▶ [Records to process]
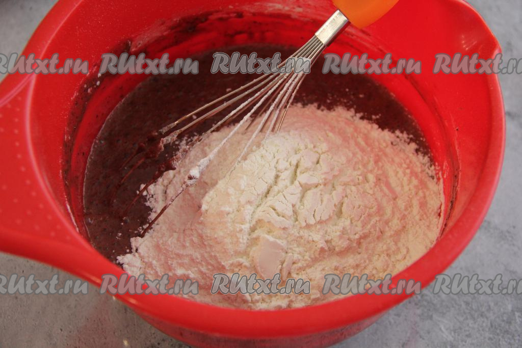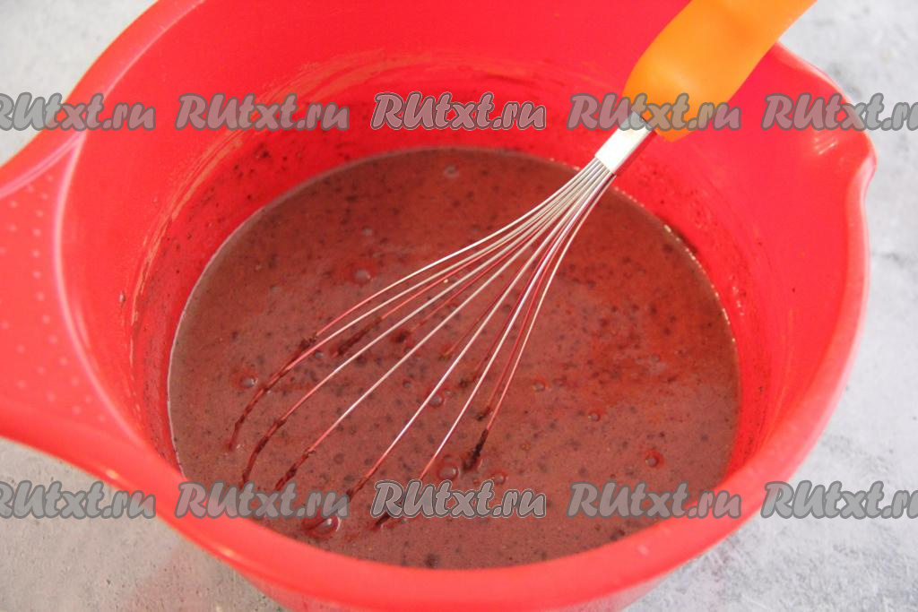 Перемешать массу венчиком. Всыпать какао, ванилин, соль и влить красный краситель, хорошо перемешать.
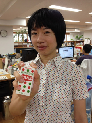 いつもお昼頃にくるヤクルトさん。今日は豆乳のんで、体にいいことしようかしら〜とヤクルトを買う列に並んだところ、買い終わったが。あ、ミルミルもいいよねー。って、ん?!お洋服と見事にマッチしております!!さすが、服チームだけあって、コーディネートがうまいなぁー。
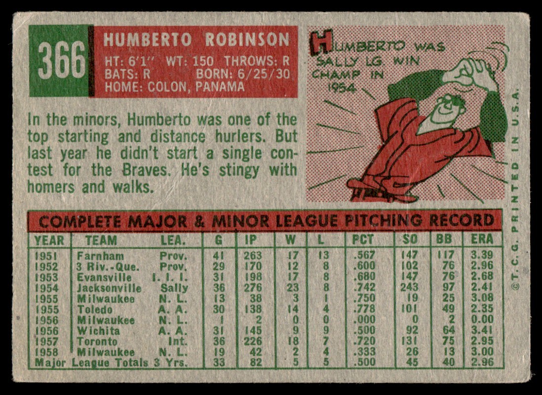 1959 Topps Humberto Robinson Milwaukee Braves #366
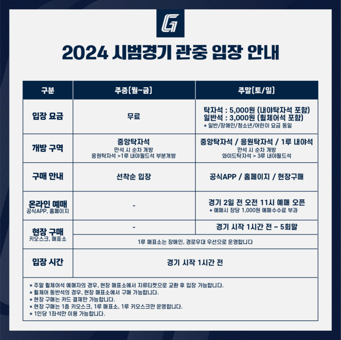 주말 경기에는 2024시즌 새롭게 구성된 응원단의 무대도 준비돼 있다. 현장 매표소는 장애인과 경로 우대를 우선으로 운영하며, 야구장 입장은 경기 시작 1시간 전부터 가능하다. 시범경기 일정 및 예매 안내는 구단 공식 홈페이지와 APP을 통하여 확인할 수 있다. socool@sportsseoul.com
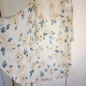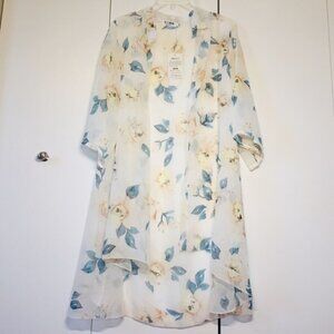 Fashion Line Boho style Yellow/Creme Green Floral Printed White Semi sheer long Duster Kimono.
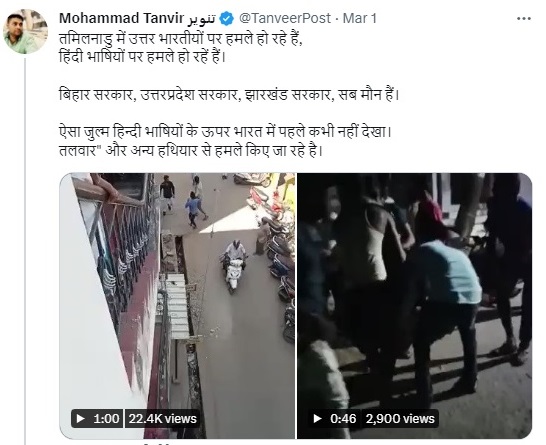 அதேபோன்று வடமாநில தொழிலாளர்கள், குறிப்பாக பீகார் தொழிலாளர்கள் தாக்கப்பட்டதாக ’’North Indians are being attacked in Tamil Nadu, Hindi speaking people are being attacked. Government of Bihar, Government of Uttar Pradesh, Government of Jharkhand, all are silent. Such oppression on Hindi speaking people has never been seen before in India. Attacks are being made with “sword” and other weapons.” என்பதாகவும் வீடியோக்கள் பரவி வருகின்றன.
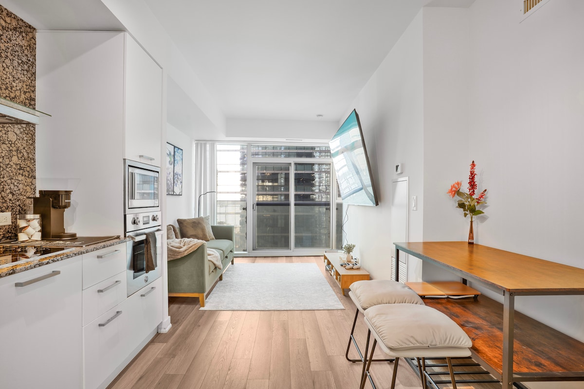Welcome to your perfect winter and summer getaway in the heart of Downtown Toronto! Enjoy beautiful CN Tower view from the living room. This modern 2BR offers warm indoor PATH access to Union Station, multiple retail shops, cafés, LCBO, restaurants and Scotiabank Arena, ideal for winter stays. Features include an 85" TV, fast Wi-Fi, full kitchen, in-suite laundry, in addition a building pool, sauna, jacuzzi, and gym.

▶ [What you are asked to do] Only the lines from the one containing "Fashion Line Boho" through the final line of the entries belong in the copy, both ends included. Pictures stay out.

▶ [Response to the exercise]
 Fashion Line Boho style Yellow/Creme Green Floral Printed White Semi sheer long Duster Kimono.
 அதேபோன்று வடமாநில தொழிலாளர்கள், குறிப்பாக பீகார் தொழிலாளர்கள் தாக்கப்பட்டதாக ’’North Indians are being attacked in Tamil Nadu, Hindi speaking people are being attacked. Government of Bihar, Government of Uttar Pradesh, Government of Jharkhand, all are silent. Such oppression on Hindi speaking people has never been seen before in India. Attacks are being made with “sword” and other weapons.” என்பதாகவும் வீடியோக்கள் பரவி வருகின்றன.
Welcome to your perfect winter and summer getaway in the heart of Downtown Toronto! Enjoy beautiful CN Tower view from the living room. This modern 2BR offers warm indoor PATH access to Union Station, multiple retail shops, cafés, LCBO, restaurants and Scotiabank Arena, ideal for winter stays. Features include an 85" TV, fast Wi-Fi, full kitchen, in-suite laundry, in addition a building pool, sauna, jacuzzi, and gym.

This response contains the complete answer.